In this lecture, I will introduce methodologies and practical case studies of the application of machine learning techniques in advanced manufacturing, with a strong focus on the condition monitoring approaches.
In the first part, model-based, signal-based and knowledge-based algorithms and schemes for fault diagnosis and monitoring will be presented. In model-based approach a model of the system under monitoring is developed, and any deviation of measured signals from the model predictions is considered as a symptom of fault. Signal-based approaches rely on specific indicators extracted from specific signals. It is however in knowledge-based approaches that machine learning methods are more vastly employed.
The second part of the lecture is devoted to the presentation of industrial cases studies on the application of learning tools for condition monitoring in manufacturing. Three case studies will be presented: the monitoring of a flight electro-mechanical actuator, the monitoring of medium-voltage circuit breakers and the residual useful life (RUL) estimation of electrical valves.
Finally, I will present an overview of envisaged applications of the artificial intelligence in manufacturing with a higher-level perspective, that envisages the role of smart products, smart factories, and smart value chains.

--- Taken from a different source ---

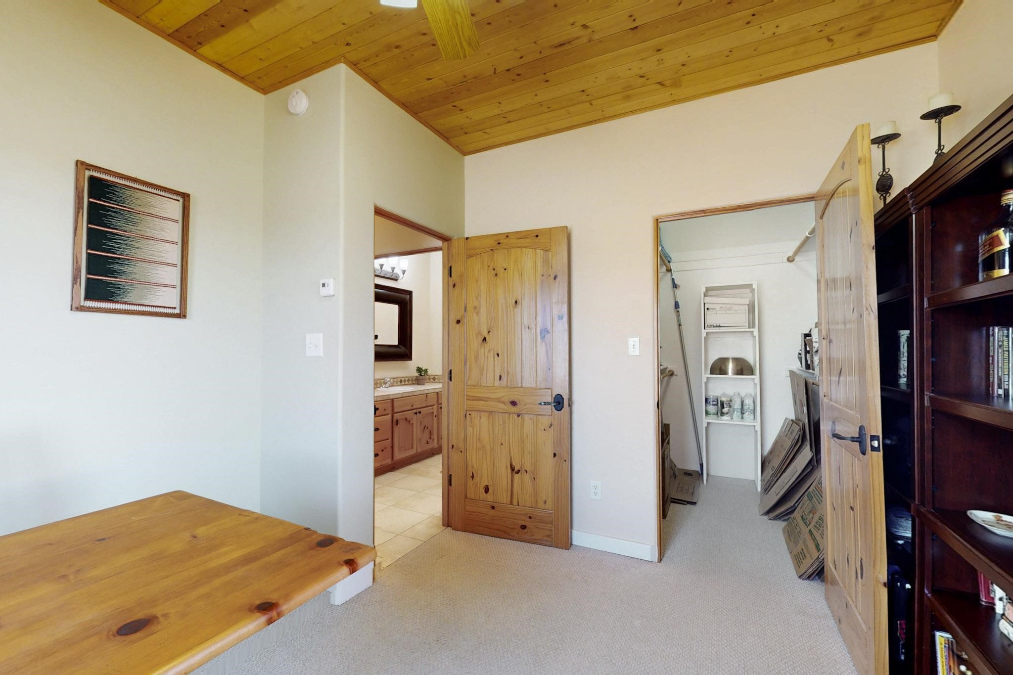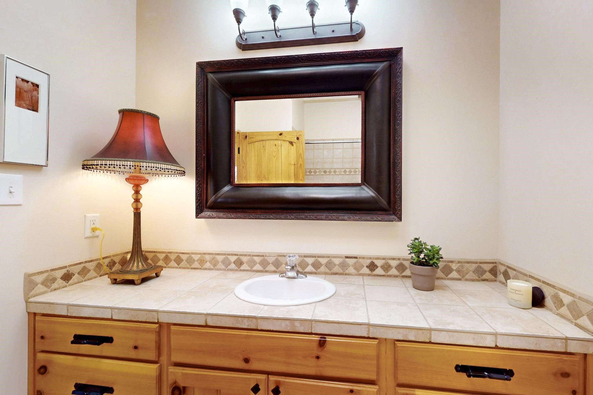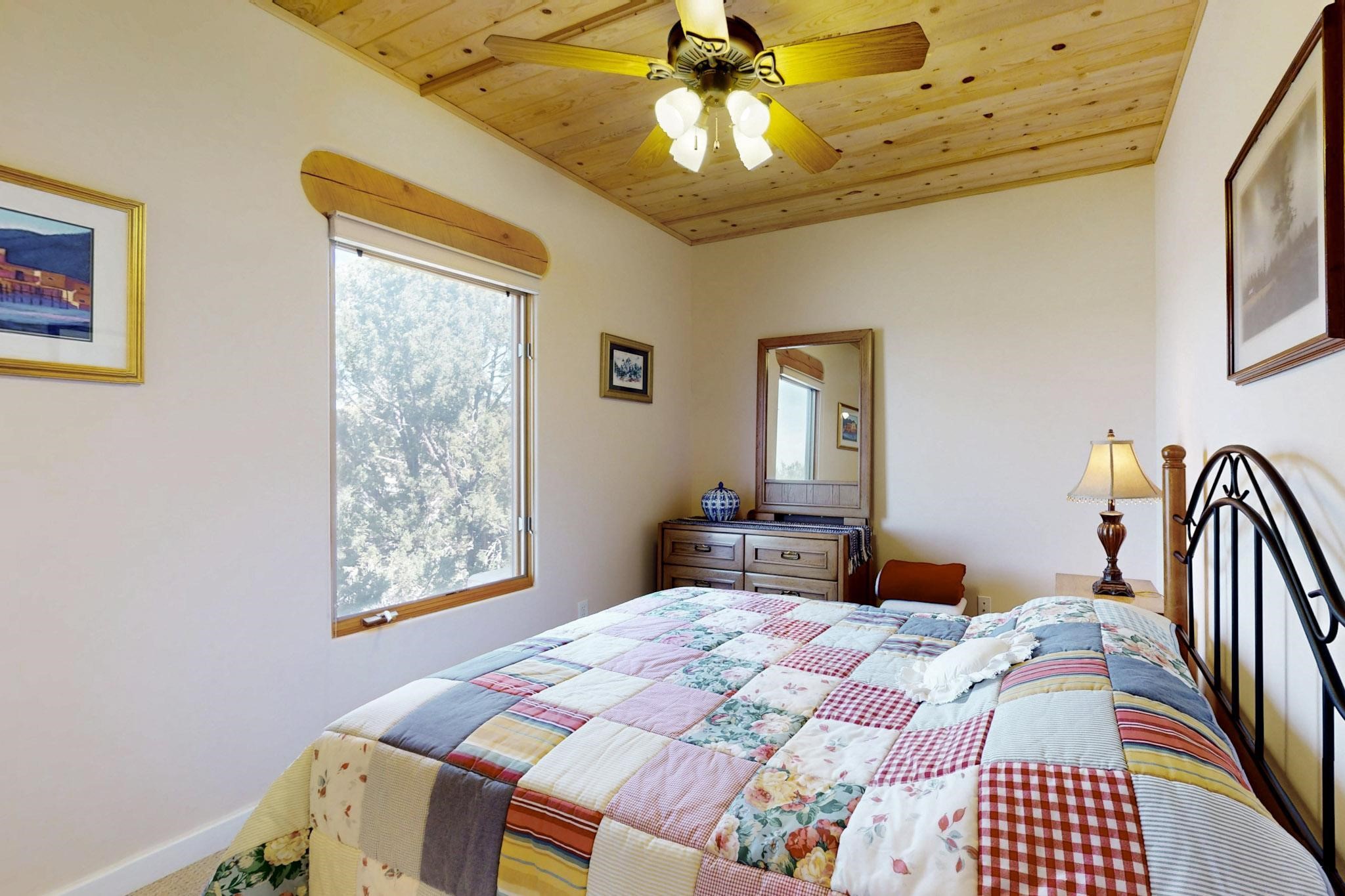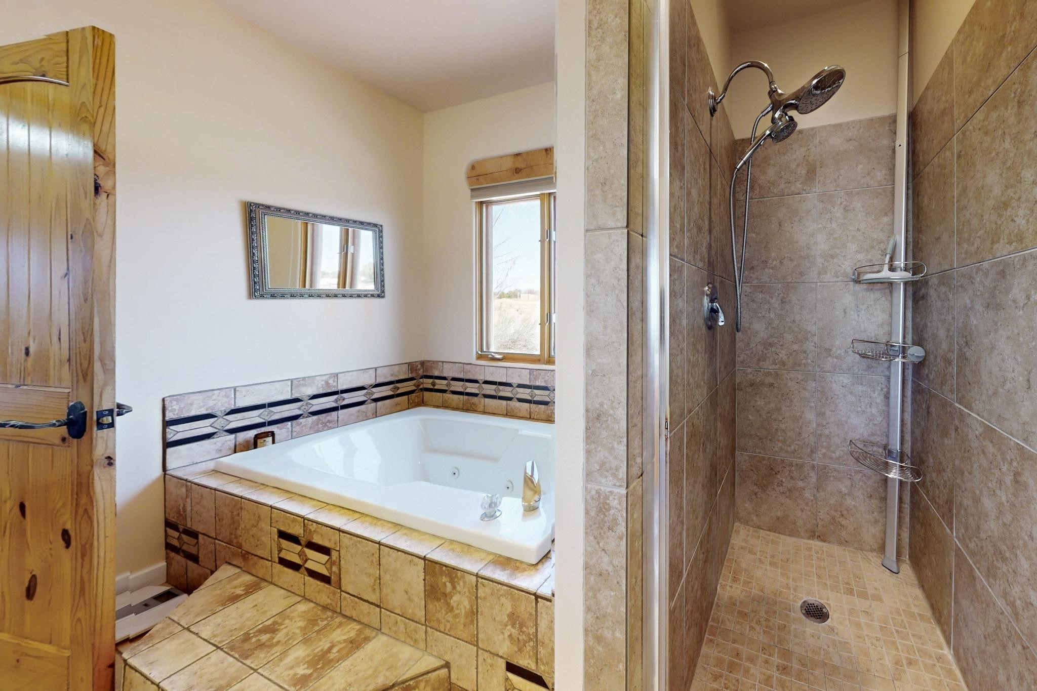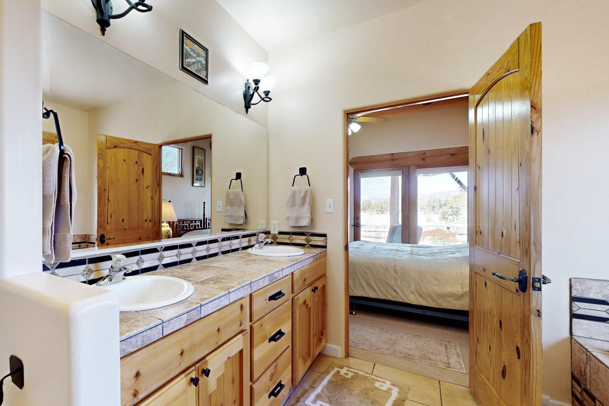 Lovely contemporary pueblo open plan design custom built by the builder for himself, enhanced by wonderful handcrafted additional Santa Fe features by the current owners. The refreshed kitchen area has added southwestern touches, custom hardware and cabinetry, granite countertop and newer appliances. There are two mini splits for air-conditioning and supplemental heat, the radiant heating is believed to be Pex, boiler serviced and new hot water heater in 2025. The stucco was redone in 2024, and the roof upgraded in 2025 with a 2 year warranty. The 2 car finished garage has an added 3rd bay/workshop/studio plus there is an approved RV parking area. The fabulous exterior metal artwork outside will stay, there is a sunset bench, walkways and private landscaped north patio with Jemez and north mountain views. This home has access to all Eldorado amenities, easy reach to parks, trails, local library, senior centre, shopping, schools and only minutes into Santa Fe.

Mirko Mazzoleni is assistant professor (RTD-A) at University of Bergamo, Italy, where he teaches the courses about system identification and data science. His research interests are on nonparametric system identification and fault diagnosis methods with the Control and Automation Laboratory at University of Bergamo. He is author of several scientific papers on the aforementioned topics and a Springer book titled “Electro-Mechanical Actuators for the More Electric Aircraft”. He actively contributed for european research projects on fault diagnosis methods for electro-mechanical actuators (FP7 CleanSky JTI HOLMES project and H2020 CleanSky2 JTI REPRISE project. He founded AISent srl, a start-up that engineers artificial intelligence solutions.